Sydney's time did come, and she took it after shattering the World record held by Muhammad at the US Olympic trials clocking an impressive 51.90s. 400m women's hurdles was introduced in 1984 despite men having had the programme in Olympics since 1900.

Sydney McLaughlin vs Dalilah Muhammad is the modern-day equivalent of intense rivalries as epic as Ali-Frasier, Ayrton Senna-Alain Prost and Lionel Messi-Cristiano Ronaldo. Muhammad had set the World record a second time at the Doha World Athletics Championship, where she lowered the time from 52.20s to 52.16s; McLaughlin was the closest spectator to Dalilah's Gold again.

When asked about what can be expected of her in the future after breaking the World record, Muhammad said, "Hopefully even faster. Obviously, Sydney is very young; She'll be there for the rest of my career. I'm just gonna try to go with that and push myself as long as possible."

Sydney did have a massive last 50m, where she closed the gap between her and Muhammad to a few yards but fell short in the end. "I have some things I need to work on, and just knowing that I have the strength to get there is really what motivates me to come back better." said McLaughlin.
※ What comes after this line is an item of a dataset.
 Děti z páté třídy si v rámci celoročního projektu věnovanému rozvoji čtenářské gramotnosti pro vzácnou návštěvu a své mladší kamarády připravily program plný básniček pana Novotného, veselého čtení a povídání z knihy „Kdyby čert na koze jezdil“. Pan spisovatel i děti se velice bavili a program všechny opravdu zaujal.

These words from a 19-year-old were enough to know that Sydney's best was yet to come.

In 2020, Sydney changed coaches and started training under legendary coach Bob Kersee, who shaped legends of the track in Alyson Felix and Florence Joyner-Griffith. It was a gamble that paid off as Tokyo Olympics got postponed to 2021 due to the Covid pandemic.

Usually, changing coaches during racing season is risky, let alone doing it before the Olympics. "I'd seen Bobby out at the track a couple of times when we were at UCLA," when asked about the chemistry with Kersee, McLaughlin said, "and he was helping for a while with the hurdling technique and the chemistry kind of clicked."
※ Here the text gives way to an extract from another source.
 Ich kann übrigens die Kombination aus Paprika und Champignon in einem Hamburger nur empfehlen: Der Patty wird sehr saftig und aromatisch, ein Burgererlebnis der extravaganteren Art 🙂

Cut to the US Olympic trials, Dalilah came back from a hamstring injury and was slowly picking up the pace; she was running 55's before the Trials, and a 52s in the finals came as a welcome surprise for Muhammad as well. However, Dalilah has time before the Olympics to find her groove and set up one of Tokyo's most anticipated head-to-head battles.

"Iron sharpens iron. There's no animosity or hard feelings. We have to have each other to have these world records," Muhammad said in an interview to NBC about the personal battle with Sydney amongst a pool of talent on the world stage.

"It's an honor. So many amazing women have come before me and will come after me. The glory isn't forever." Fresh off breaking the WR and consistent form displayed, Sydney looking like the favourite to take Gold in Tokyo, but never underestimate the heart of a Champion. Let's be witness to a piece of History getting etched before our eyes.